Keyla langsung melahap makanan yang itu karena memang sangat lapar juga tubuhnya lemah membuatnya harus segera mengisi tenaganya.


"Aku sudah selesai." Keyla berdiri di dekat Alvin saat sudah berganti pakaian.Alvin langsung mencuci dan mengeringkannya saat keyla belum siuman hingga kini ia bisa langsung memakainya kembali.Keyla juga membawa paper bag ditangannya.


"Terima kasih untuk makanannya dan bajumu akan aku cuci dulu lalu aku kembalikan." Keyla melangkah lebih dulu lalu disusul Alvin.


Saat diperjalanan Alvin terus saja fokus mengendarai mobilnya membuat Keyla bosan.


"Kenapa kau mengurungku tadi?" Pertanyaan Keyla memecah keheningan di dalam mobil itu.


Pria itu tak menjawab dan terus fokus mengendarai.Pria itu masih berpikir untuk berhati-hati karena ia takut dugaannya benar wanita disampingnya itu adalah mata-mata yang dikirim musuhnya namun ia tidak begitu yakin karena wanita itu begitu dekat dengan Ziva jadi tidak ada salahnya untuk sedikit berteman, pikir Alvin.


"Kau dan Ziva berteman sejak kapan?" Alvin malah melontarkan pertanyaan yang tidak ada kaitannya dengan pertanyaannya tadi.


"Mungkin aku bisa menggali sesuatu tentang pria ini, agar aku bisa merebut hatinya," gumam Keyla.


Alvin menatapnya sesat karena tida segera menjawab pertanyaannya.


"Aku dan Ziva bersahabat sejak masuk SMP, dia adalah satu-satunya orang yang terpenting dalam hidupku setelah keluargaku," jelas Keyla.

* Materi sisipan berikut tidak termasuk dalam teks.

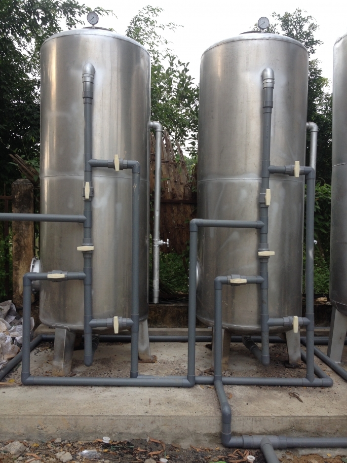 - Bơm lọc sẽ hút từ khoang nắng, đẩy vào cột lọc, dưới tác dụng của vật liệu lọc sẽ giữ lại cặn bẩn, sắt, mangan...có trong nước,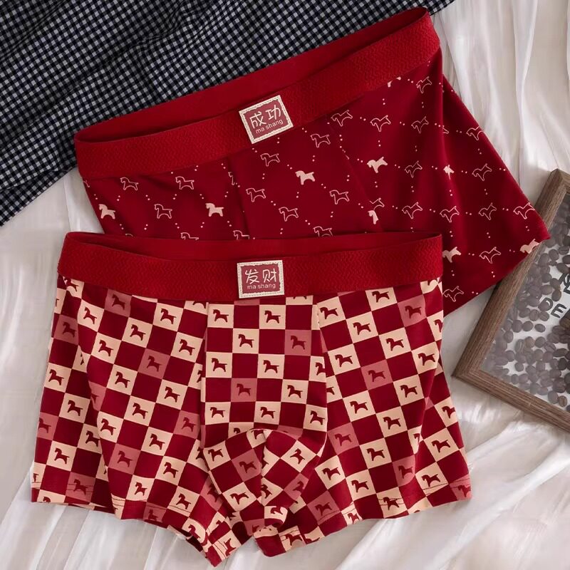 猫人本命年男士内裤纯棉大红色男款短裤2026马年结婚礼物四角裤头

"Kau sedekat itu dengan Ziva atau kau hanya mengarang cerita karena setahuku sahabat baiknya adalah Kayla," sangkal Alvin.


"Kau tahu apa tentang aku dan Ziva!jadi wanita itu maksudku Sekretarismu itu adalah sahabat Ziva?" Keyla sedikit emosi dengan ucapan Alvin karena tidak mempercayainya dan menganggap ucapannya hanya bualan.


Ziva memang tidak pernah menceritakan masalahnya ataupun hidupnya sejak ia pindah ke Amerika bahkan tentang Alvin pun ia tidak pernah cerita membuatnya seolah-olah orang lain yang hanya mengaku-ngaku sebagai sahabat baiknya saja.


Mobil Alvin berhenti tepat di depan gerbang kediamannya.Keyla langsung keluar karena ia begitu kesal dengan pria itu menutup mobilnya dengan kasar.Langkahnya langsung mengayun memasuki gerbang yang menjulang tinggi itu tanpa mengatakan sepatah kata pun.Alvin langsung tancap gas kembali ke apartemennya.


Keyla memasuki rumahnya dengan langkah lesunya.


"Dari mana saja kamu seharian ini?" Suara lantang langsung menyambut kedatangannya.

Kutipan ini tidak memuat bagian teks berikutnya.